(Stored dataset items)
┌──
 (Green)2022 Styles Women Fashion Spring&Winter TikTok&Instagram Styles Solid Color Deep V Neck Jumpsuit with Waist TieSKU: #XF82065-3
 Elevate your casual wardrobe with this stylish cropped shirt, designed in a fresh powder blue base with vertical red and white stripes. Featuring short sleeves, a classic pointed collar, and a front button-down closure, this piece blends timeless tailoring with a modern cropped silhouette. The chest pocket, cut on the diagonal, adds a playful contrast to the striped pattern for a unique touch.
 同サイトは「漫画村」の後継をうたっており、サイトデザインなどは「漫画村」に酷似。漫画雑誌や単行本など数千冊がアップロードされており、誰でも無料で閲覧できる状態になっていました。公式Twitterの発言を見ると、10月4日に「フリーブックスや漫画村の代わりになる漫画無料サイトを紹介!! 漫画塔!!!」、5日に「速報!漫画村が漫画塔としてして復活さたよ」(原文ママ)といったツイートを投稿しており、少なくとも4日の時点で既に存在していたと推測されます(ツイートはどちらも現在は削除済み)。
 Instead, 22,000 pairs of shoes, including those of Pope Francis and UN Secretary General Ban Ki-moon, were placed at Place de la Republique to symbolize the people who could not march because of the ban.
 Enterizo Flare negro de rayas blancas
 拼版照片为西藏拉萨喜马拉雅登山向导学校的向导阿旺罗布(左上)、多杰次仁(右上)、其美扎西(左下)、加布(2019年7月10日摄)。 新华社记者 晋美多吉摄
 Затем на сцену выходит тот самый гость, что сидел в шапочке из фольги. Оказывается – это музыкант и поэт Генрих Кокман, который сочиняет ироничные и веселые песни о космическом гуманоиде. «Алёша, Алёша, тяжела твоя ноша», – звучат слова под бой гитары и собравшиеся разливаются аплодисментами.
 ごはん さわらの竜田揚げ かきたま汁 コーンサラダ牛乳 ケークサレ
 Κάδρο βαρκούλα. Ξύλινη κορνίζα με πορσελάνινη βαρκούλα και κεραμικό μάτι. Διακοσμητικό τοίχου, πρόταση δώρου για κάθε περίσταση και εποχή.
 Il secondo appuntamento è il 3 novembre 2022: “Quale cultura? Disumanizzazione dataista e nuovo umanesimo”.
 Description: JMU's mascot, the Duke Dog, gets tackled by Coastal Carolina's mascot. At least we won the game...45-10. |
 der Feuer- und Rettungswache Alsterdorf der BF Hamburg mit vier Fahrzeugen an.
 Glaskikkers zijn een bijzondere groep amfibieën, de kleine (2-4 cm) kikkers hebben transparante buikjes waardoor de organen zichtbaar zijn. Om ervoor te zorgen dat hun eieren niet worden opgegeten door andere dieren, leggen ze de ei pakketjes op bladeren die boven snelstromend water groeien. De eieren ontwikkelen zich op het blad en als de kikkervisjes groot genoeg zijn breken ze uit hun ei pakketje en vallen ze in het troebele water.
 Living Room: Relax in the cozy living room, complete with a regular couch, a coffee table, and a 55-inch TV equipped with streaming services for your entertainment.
└──
Work order.
Tell how many lines of the entries above include "your". The answer should be the number and nothing more.

Response box.
2